Linux has nothing to do with Node, though. Most of the Linux world (and the Windows world, and the OSX world, etc) wishes it would just go away forever. Javascript is unadulterated pain.

As for Linux package sizes go... why are you installing so many packages that you don't need just to complain about it?

On Debian and Ubuntu, `dpkg-query -Wf '${Installed-Size}\t${Package}\n' | sort -n` will tell you the install size of things sorted by worst offender; for me, on one of my development machines, is git, followed by Perl packages required by the system, neovim, and then a bunch of normal things expected on any install. `df -h` minus `/home` is a hair over 600mb.

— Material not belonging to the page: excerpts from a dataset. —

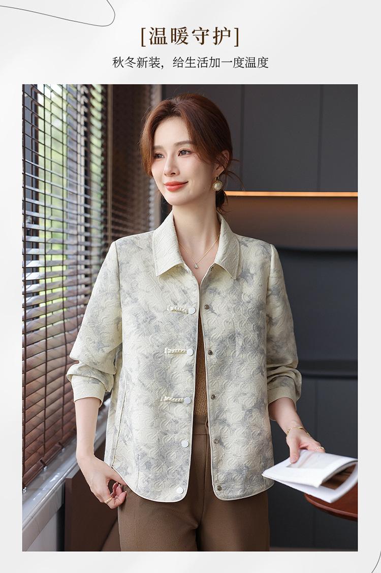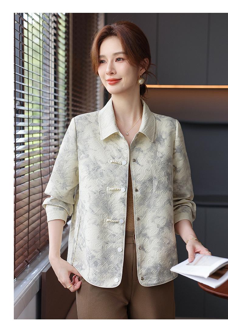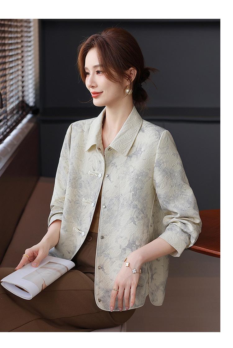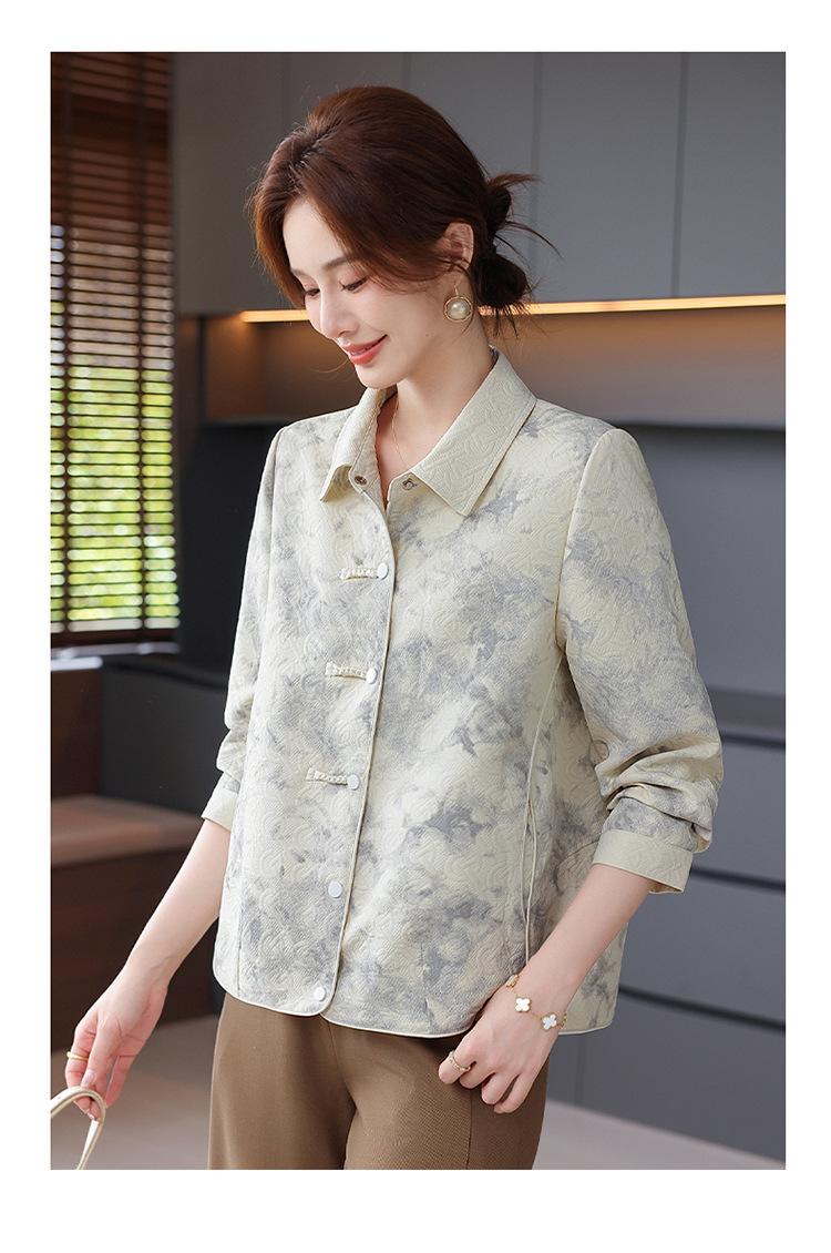 Blusa para Madre Estilo Chino Nuevo 2025 Otoño Nuevo Solapa Estampado Manga Larga Estilo Nacional Ropa Exterior para Mujer de Mediana Edad y Anciana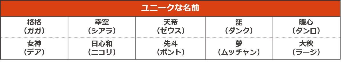 また、昨年圏外だった「モカ」が6位にランクインしたほか、10位には初登場となる「うに」がランクインしました。一方で昨年5位の「マロン」が初めてランク外となり、2文字の名前が90%を占めました。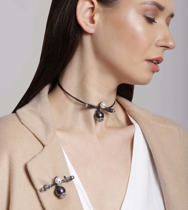 Recapture your love for exquisite jewellery with this beautiful Outhouse OH Celeste iridescent Cosmos choker. This is crafted with care using brass which is sure to impress you. The adornment of white and iridescent purple swaroski pearl magnifies its overall grace.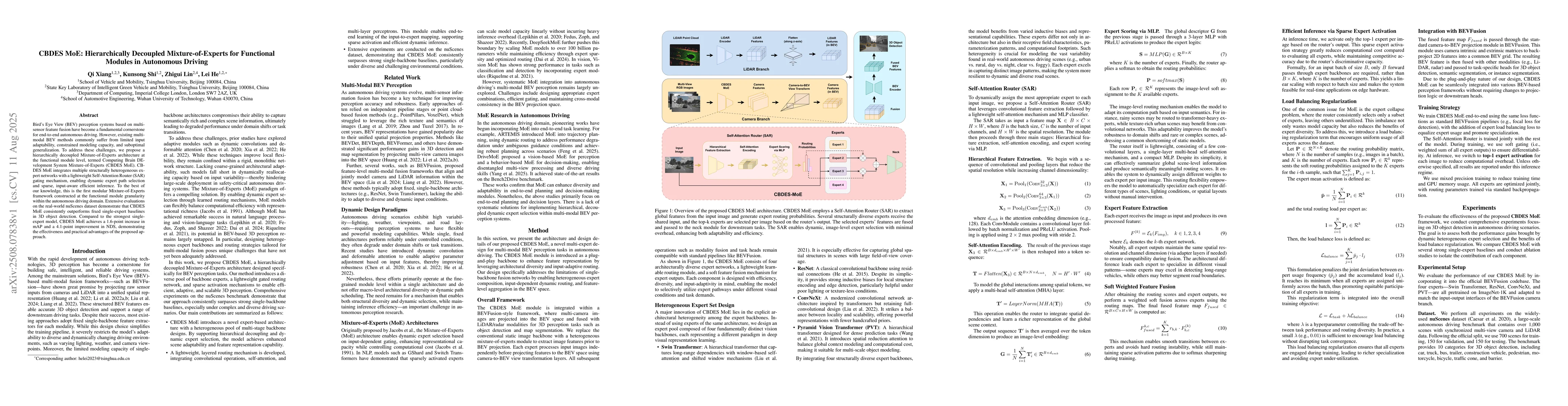 The paper proposes CBDES MoE, a hierarchically decoupled Mixture-of-Experts architecture for functional modules in autonomous driving. It integrates multiple structurally heterogeneous expert networks with a lightweight Self-Attention Router (SAR) for dynamic expert path selection and efficient inference.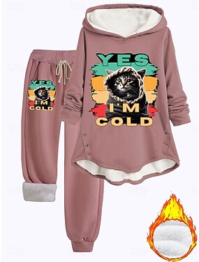 Жен. Теплый Повседневные Комплекты из двух предметов Спортивный костюм Комплекты брюк Длинный рукав Капюшон Графика Животное Буквы Кулиска С принтом Повседневные Черный Темно-розовый Красный Осень
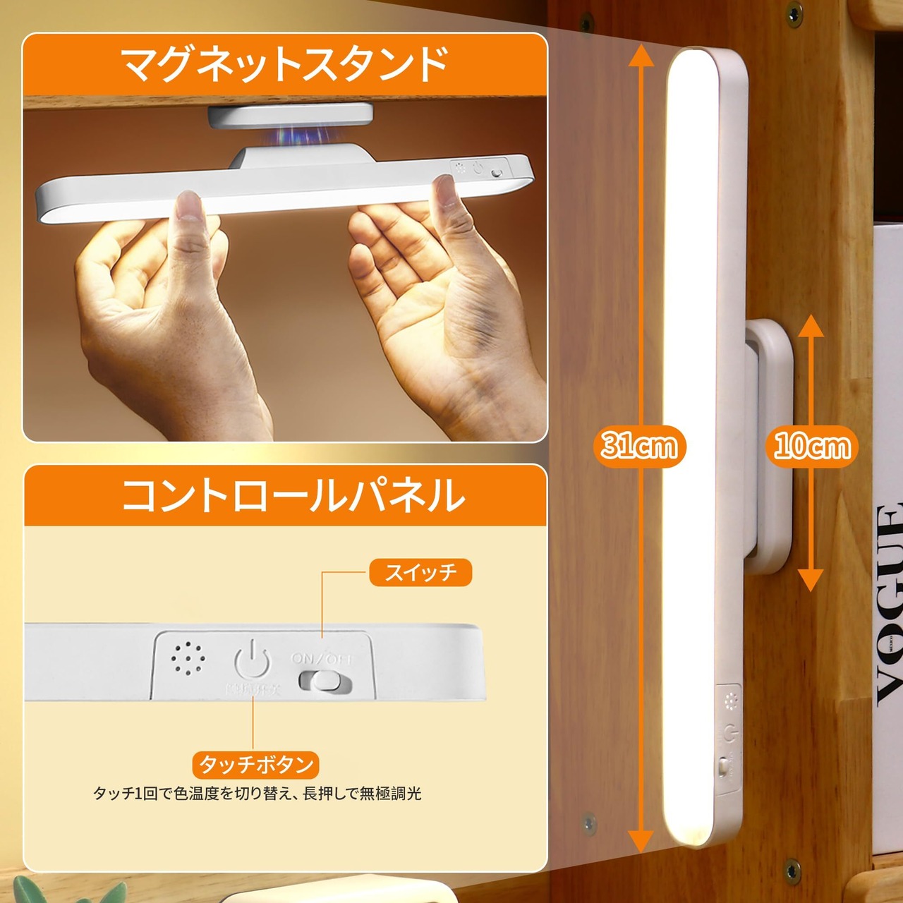 デスクライト LEDライト 目に優しい マグネット付き 寝室 ベット 学習机 戸棚 クローゼット 壁掛け 車内 3種類色温 角度調節可能 読書灯 USB充電式 (ホワイト)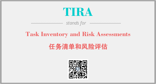 上述内容是“Task Inventory and Risk Assessments”作为“TIRA”的缩写,解释为“任务清单和风险评估”时的信息,以及英文缩略词TIRA所代表的英文单词,其对应的中文拼音、详细解释以及在英文中的流行度和相关分类、应用领域及应用示例等。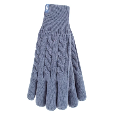 Women's 1 Pair SOCKSHOP Heat Holders Willow Cable Gloves Dusky Blue S/M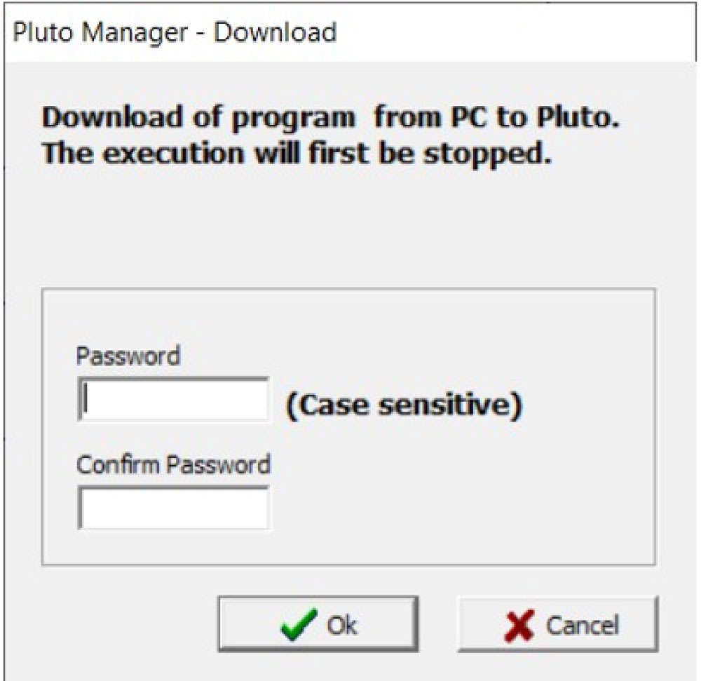 Se a memória dos controladores estiver vazia, será obrigatório criar uma senha para proteção do programa: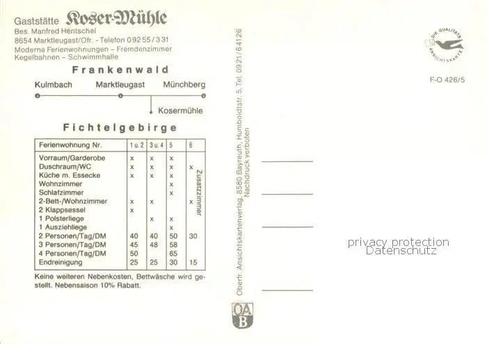 Marktleugast Gaststaette Koser Muehle Gastraeume Hallenbad Marktleugast postalisch nicht gelaufen nach 1965 Erhaltung siehe scans [FriedD77] Frierer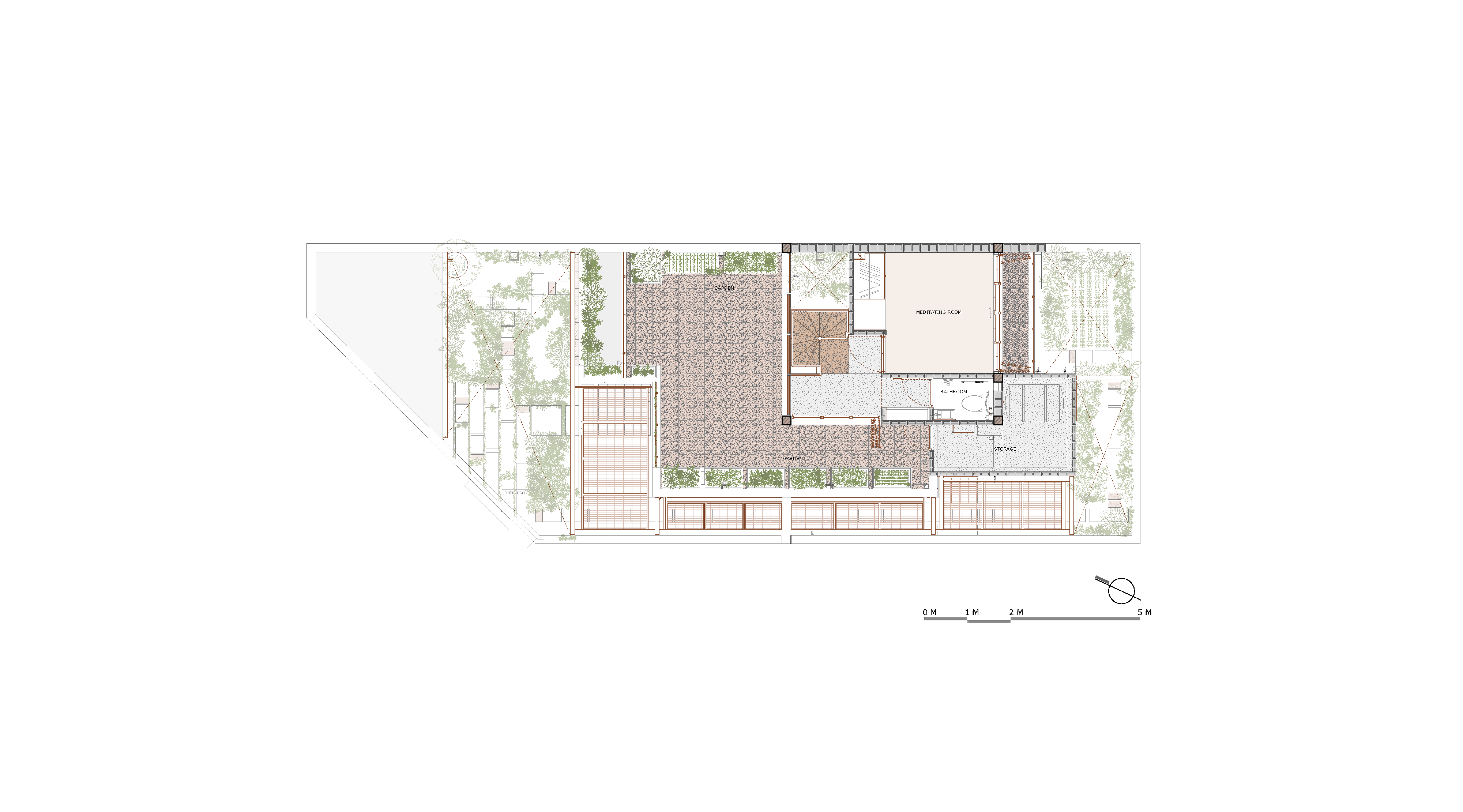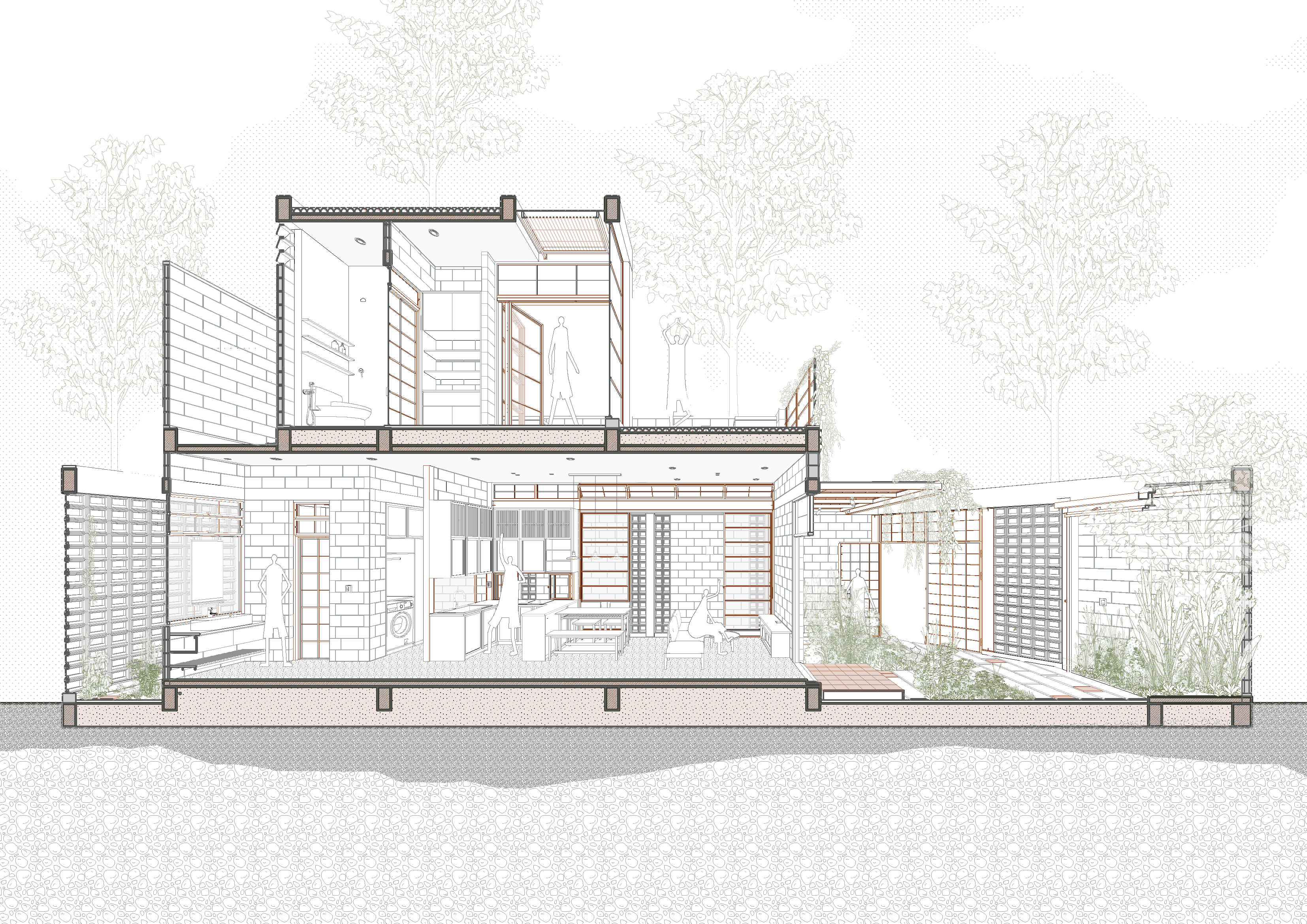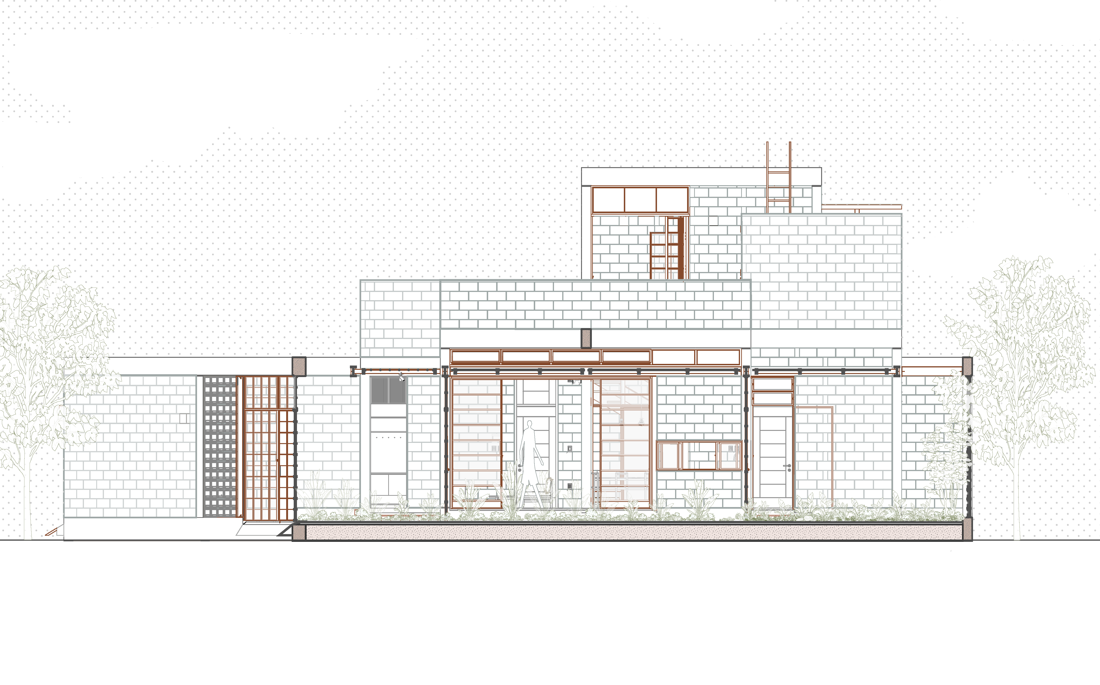 설계는 다섯 가지 전략을 중심으로 전개되었다. 첫째, 지역의 미기후에 대응하고 채소밭과 과일나무를 조경에 통합한 적응형 건축 전략을 통해 생태적 삶을 유도했다. 둘째, 베란다, 복도, 안마당과 같은 완충 공간을 적극 도입해 실내외를 자연스럽게 연결하고, 공기 흐름과 자연광을 조절하며 사생활과 보안을 동시에 확보했다. 셋째, 단순하고 효율적인 구조로 자재 사용을 줄이고, 유연하고 지속 가능한 공간을 실현했다. 넷째, 지역 재료를 활용해 건축비를 절감하고 공정 기간을 단축했으며, 지역 장인의 기술과도 연결되도록 했다. 다섯째, 이 집은 주거와 업무 공간을 넘어서 명상과 자연 속 쉼터의 기능도 수행하도록 구성되었으며, 물질적 삶과 정신적 삶 사이의 균형을 지향했다. 이러한 철학은 필수적 생활을 충족하면서도 환경적 영향을 줄이고, 작지만 자립 가능한 생태적 거주 모델로 실현되었다.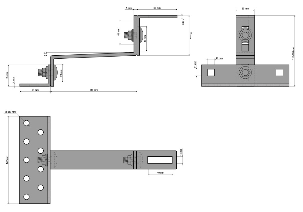 - Rozmery základne s otvormi: 142 x 35 x 4 mm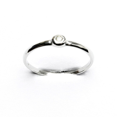 Stříbrný prsten zdobený zirkonem o průměru 2 mm, čirá barva. Šperk působí velice jemným dojmem, je vhodný pro ženy jakéhokoliv věku a pro jakoukoliv příležitost. Vyhotoveno ze stříbra ryzosti 925/1000, povrchová antioxidační úprava čisté rhodium. Orientační hmotnost prstenu při velikosti 57 je 1,09 g. Nabízíme v široké škále velikostí.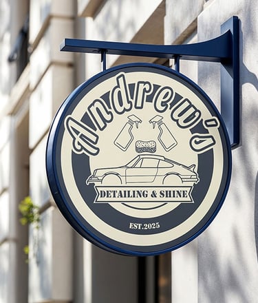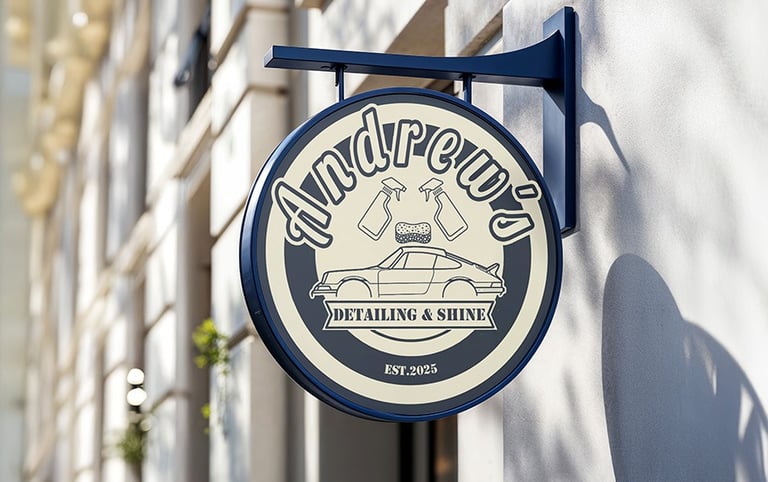 Zakázka pro Andrew´s detailing & shine. Ukázka loga v reálném prostředí. Čistá práce s linkou a vyvážená typografie, která dává automotive byznysu jasnou tvář. Cílem bylo vytvořit funkční vizuální systém, který bude fungovat stejně dobře na webu i na fyzické reklamě.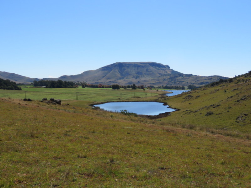 Bird life was interesting on the way and we saw stonechats, red-shouldered widow birds, long-tailed widow birds, red bishops, yellow bishops, yellow-throated long-claw, jackal buzzard and yellow-billed kite. As we climbed higher we saw one Cape Vulture after another fly overhead toward a clump of trees. We realised that there must be a kill or dead livestock somewhere. Indeed that is exactly what it was and a little way ahead on the road we saw dozens on the ground. Of course as we approached they all flew off and circled overhead. The cause of the fuss were two young cows dead on the road. We found out later that they had been struck by lightening.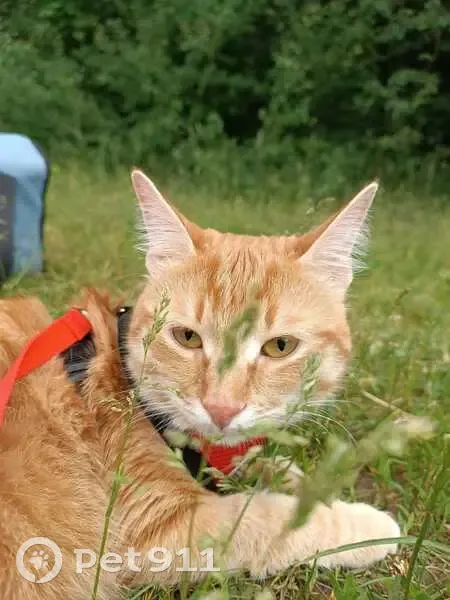 Рыжий окрас в полоску, девочка, грудка белая, лапки на кончиках белые. Людей не особо боится. При наличии хоть какой то информации пишите, звоните в любое время. Она как член семьи :(

git, being the largest thing, has an install size of 38 megs. Indeed, I cannot tell you why git is 38 megs, there may or may not be bloat here.

As a comparison, Windows uses around 6GB of space, and a MSVC install that has a common set of toolchains may take up to 20GB and... arguably does less than my <1GB Linux install (when it comes to dev work, anyways).

> why are you installing so many packages that you don't need just to complain about it?

there are 1000s of packages, who has time to select a small subset of that? easier to install chubby swathes at a time.

and you can't install devel versions without bringing in many various forms of TeX

recently I install the emacs package on a system and it required python; that's sacrilege

Your dev linux machine is a gigabyte? That's kind of surprising. Just llvm+clang on my machine according to your query clocks in at over a gigabyte. Are you only developing using perl and not doing any from-source builds?
The machine I looked at doesn't have gcc installed. With gcc, it'd probably cross the 1GB line, but not by far.
dpigs from moreutils is also a nice way to find bloated packages on Debian-based systems.
While I share some of your resentment (especially as a Gentoo user who builds Chromium quite regularly), a few extra gigabytes of storage or a few more config files I don't grok are relatively easy to ignore compared to the kind of dark patterns I see happening with 3rd party software on Windows desktops. And Microsoft itself is increasingly willing to sink to that level as well.
>Install Clang/LLVM. It's like 300MB

Isn't this like a first computer world problem? How many gigabytes does current Visual Studio take? Not talking about VS Code, because it's only an IDE, which still requires the actual Visual Studio C++ as the compiler.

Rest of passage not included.